A couple of movie notes today.
:: Sometimes I'll watch a film I remember positively from many years ago, and discover that my earlier feelings weren't quite warranted; other times I'll find that I didn't appreciate the film enough way back when. A case-in-point of the latter is From Here to Eternity, which I watched back when I was a senior in high school but have not seen since. I remember it being a terribly gritty and moving film, and my memories are pretty much accurate. I love the way all of the lives depicted in that film come together at the end, even if the people living them don't all know each other and never have a scene together. The Deborah Kerr character, for instance, is deeply affected in the end by the actions of Montgomery Clift's Robert E. Lee Prewitt, whose actions are shaped by Frank Sinatra's Maggio...and all of them are affected by Burt Lancaster, et cetera. There isn't a false note in that movie, and I love the grim sense of futility at the end, and of waste, when all of the struggles and character-dramas in the film are rendered moot by the events of December 7, 1941. I haven't seen too many WWII films, so I don't have a very large sample on which to base this, but this is still my favorite film of that war.

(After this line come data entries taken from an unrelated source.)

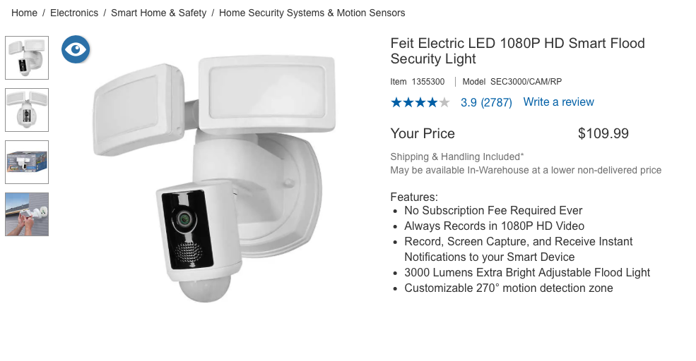 We recommend a security light made by Feit Electric. You can buy it at Costco or Amazon. The price in the picture is from Costco.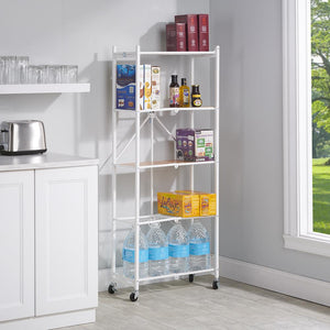 This is the portable pantry that provides additional storage yet easily rolls away and folds flat when not in use. The one-piece frame expands or folds without requiring the use of tools, enabling fast, simple set up and convenient storage. It has five metal shelves (with four wood inlays) that store spices, snacks, or other kitchen and cooking essentials. Unit supports up to 100 lbs. Rolls on four casters (two locking). No assembly required. White. Open 56" H x 24 1/4" W x 10 3/4" D. (17 lbs.)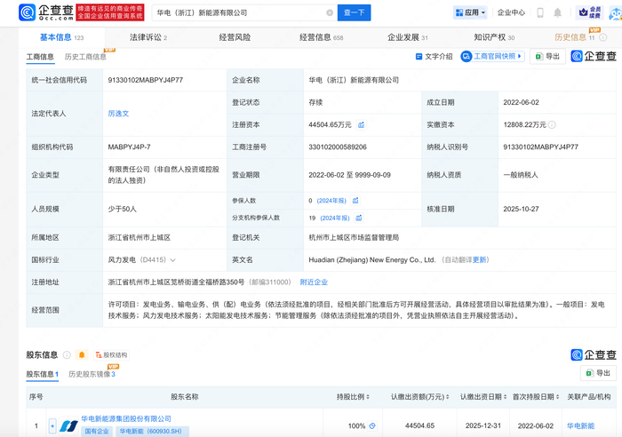 企查查信息显示,该公司成立于2022年6月,法定代表人为厉逸文,经营范围包含发电业务、输电业务、供(配)电业务等,由华电新能(600930)全资持股。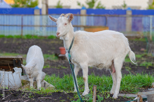 Obraz premium White goat with Cub of goat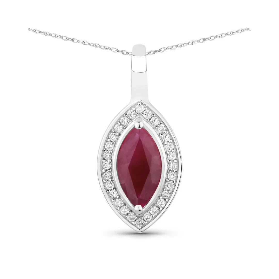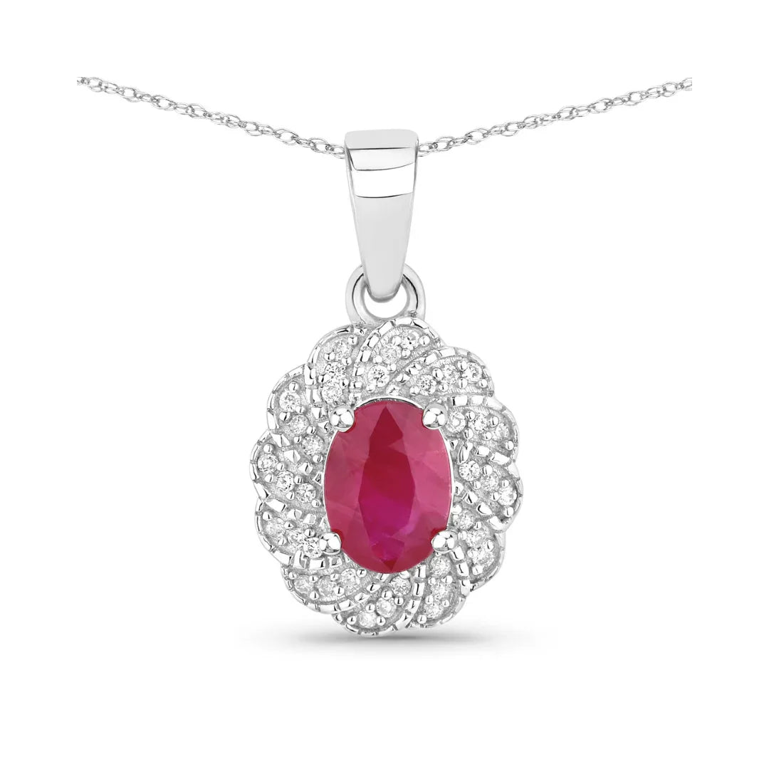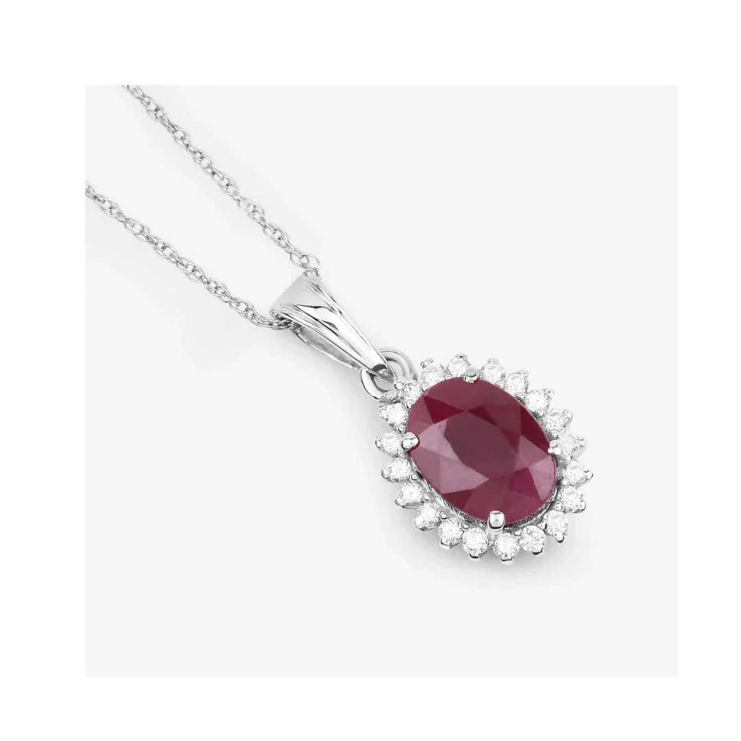 Collar con colgante de rubí auténtico de talla redonda pequeña y zafiro blanco

:: I knew I'd love Castle In the Sky. No other reaction was even possible. I can't conceive of not liking one of Hayao Miyazaki's films. So, I'm sure it's totally anticlimactic for me to report that yes, I loved it. It's the most straight-forward of Miyazaki's films, with less of the ambiguity between good and evil that so marks his later efforts like Princess Mononoke, but sometimes it's just fun to watch a pure, nasty villain at work who needs no other reason for being bad than that he is bad. And the visuals? My God, I'd love to see this movie on a big screen someday. Those airships are absolutely stunning in their invention, and if I say that Miyazaki has the same gift for visual worldbuilding that George Lucas has, I mean that as a high compliment. Miyazaki doesn't just create worlds that seem real, he creates worlds that I want to live in. I'd love to go to the city in Kiki's Delivery Service; I'd love to visit the forests and mountains of Princess Mononoke; and I'd be moved to tears if I could see the caverns and the airships of Castle in the Sky. And if I saw Laputa itself? I'd surely never stop weeping.
:: One cautionary note for parents of small children: when you get to the point where your kid is no longer afraid of the bathtub, and you want to keep it that way, don't let her stay in the room while you watch Titanic. Just trust me on this one, OK?